*ABOUT THIS EXERCISE*.
Restate each entry below exactly; pictures stay out of the copy.

[Entries taken from a collection]
◇ ◇ ◇ ◇ ◇ ◇ ◇
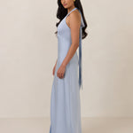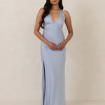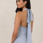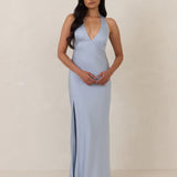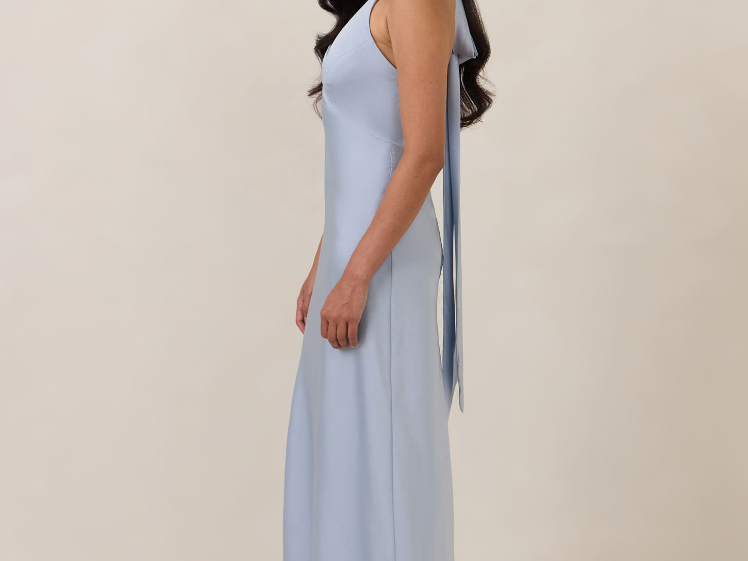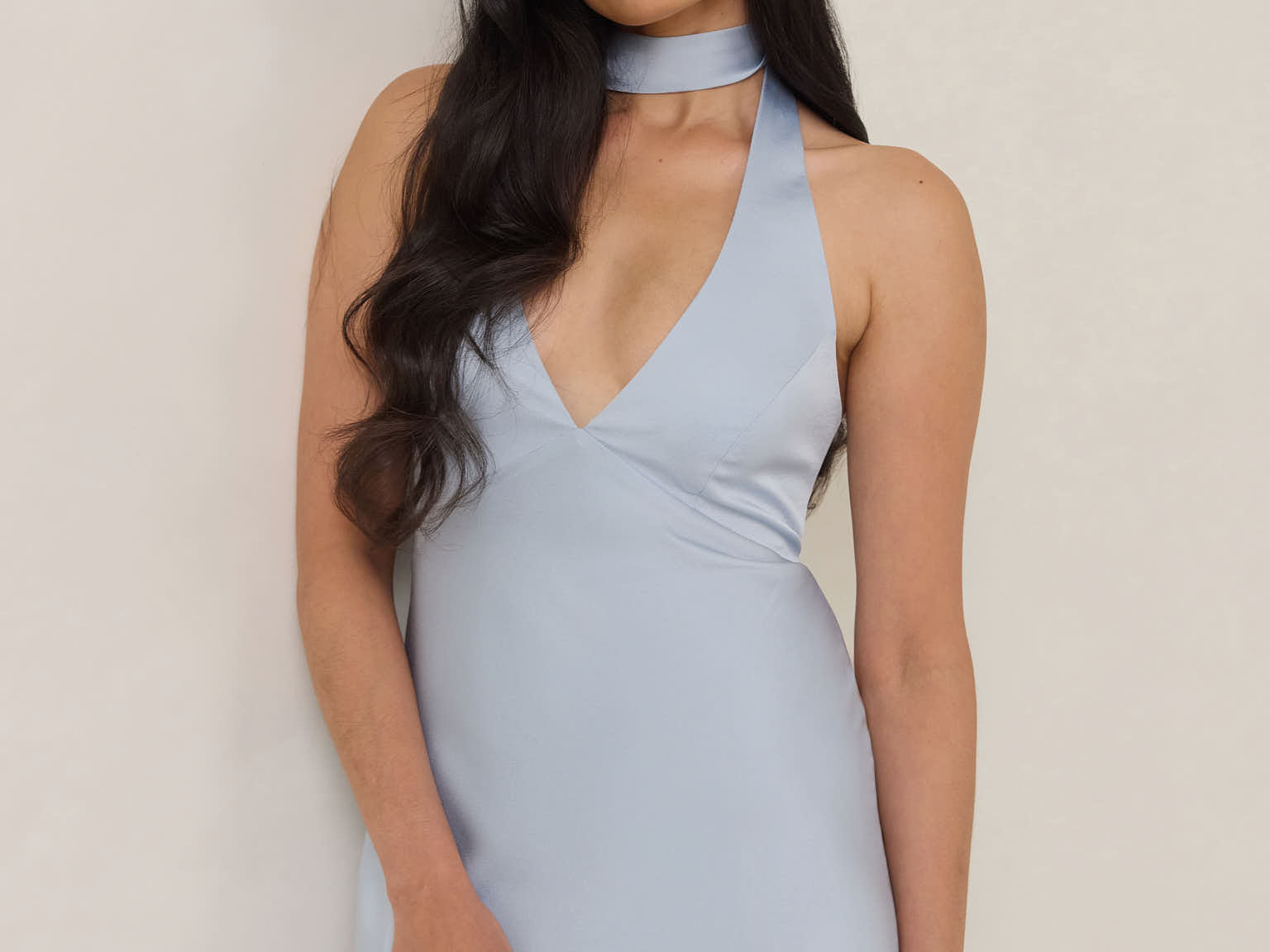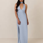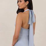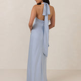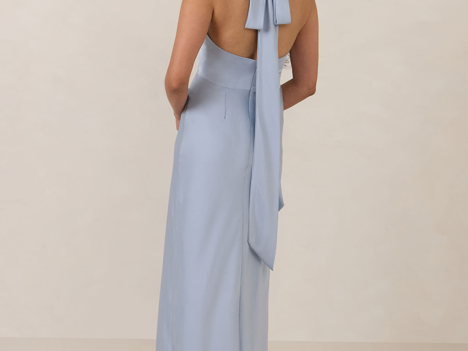 Designed to turn heads. Crafted from our smooth satin, this bust-friendly halter style features long, versatile ties that can be styled in a bow or worn as a neck scarf for a modern touch. Finished with a bias-cut skirt and a subtle slit, this dress effortlessly balances elegance with a bold edge.
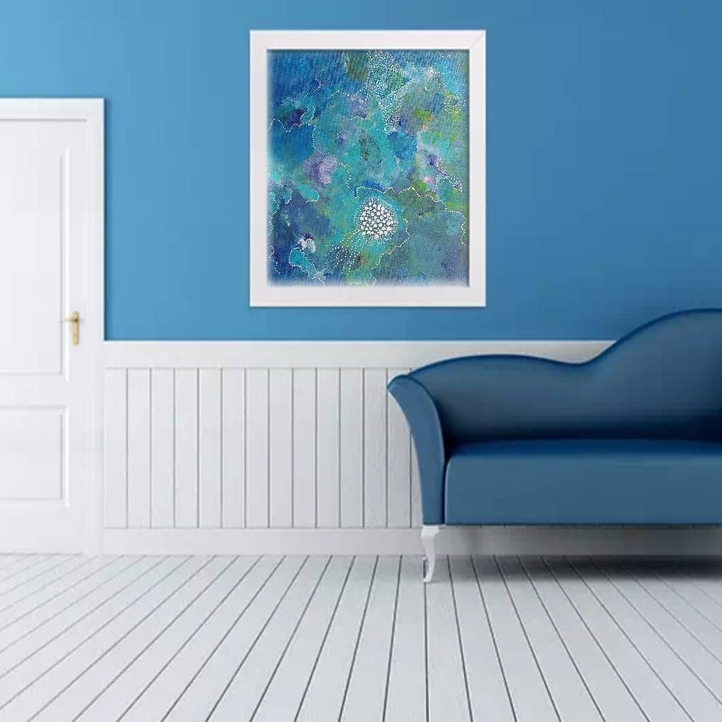 Another piece in my "Underwater" series, in light blue colours. Please note that the size of the painting in the photo is slightly larger than in real life, but it does give a good impression as to the feel of the painting. It can be displayed in four different ways.
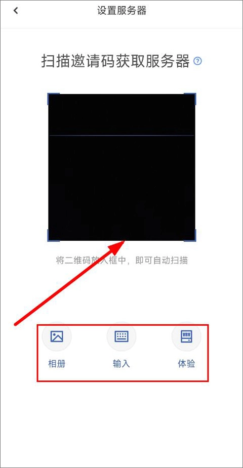进入设置服务器页面后,用户可通过扫描邀请码来获取服务器,同时也能选择拍照、从相册扫描或文字输入等其他方式。
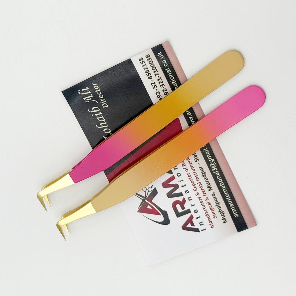 แหนบต่อขนตาปลอมปลายทองเคลือบแบบ Ombre บูต90องศา
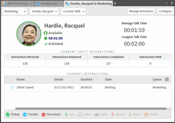Pour surveiller l'interaction d'un agent ou apporter votre aide, sélectionnez une interaction en cours et utilisez les boutons de la barre d'outils |
◇ ◇ ◇ ◇ ◇ ◇ ◇
*OUTPUT FOR THIS TASK*.
 Designed to turn heads. Crafted from our smooth satin, this bust-friendly halter style features long, versatile ties that can be styled in a bow or worn as a neck scarf for a modern touch. Finished with a bias-cut skirt and a subtle slit, this dress effortlessly balances elegance with a bold edge.
 Another piece in my "Underwater" series, in light blue colours. Please note that the size of the painting in the photo is slightly larger than in real life, but it does give a good impression as to the feel of the painting. It can be displayed in four different ways.
进入设置服务器页面后,用户可通过扫描邀请码来获取服务器,同时也能选择拍照、从相册扫描或文字输入等其他方式。
 แหนบต่อขนตาปลอมปลายทองเคลือบแบบ Ombre บูต90องศา
Pour surveiller l'interaction d'un agent ou apporter votre aide, sélectionnez une interaction en cours et utilisez les boutons de la barre d'outils |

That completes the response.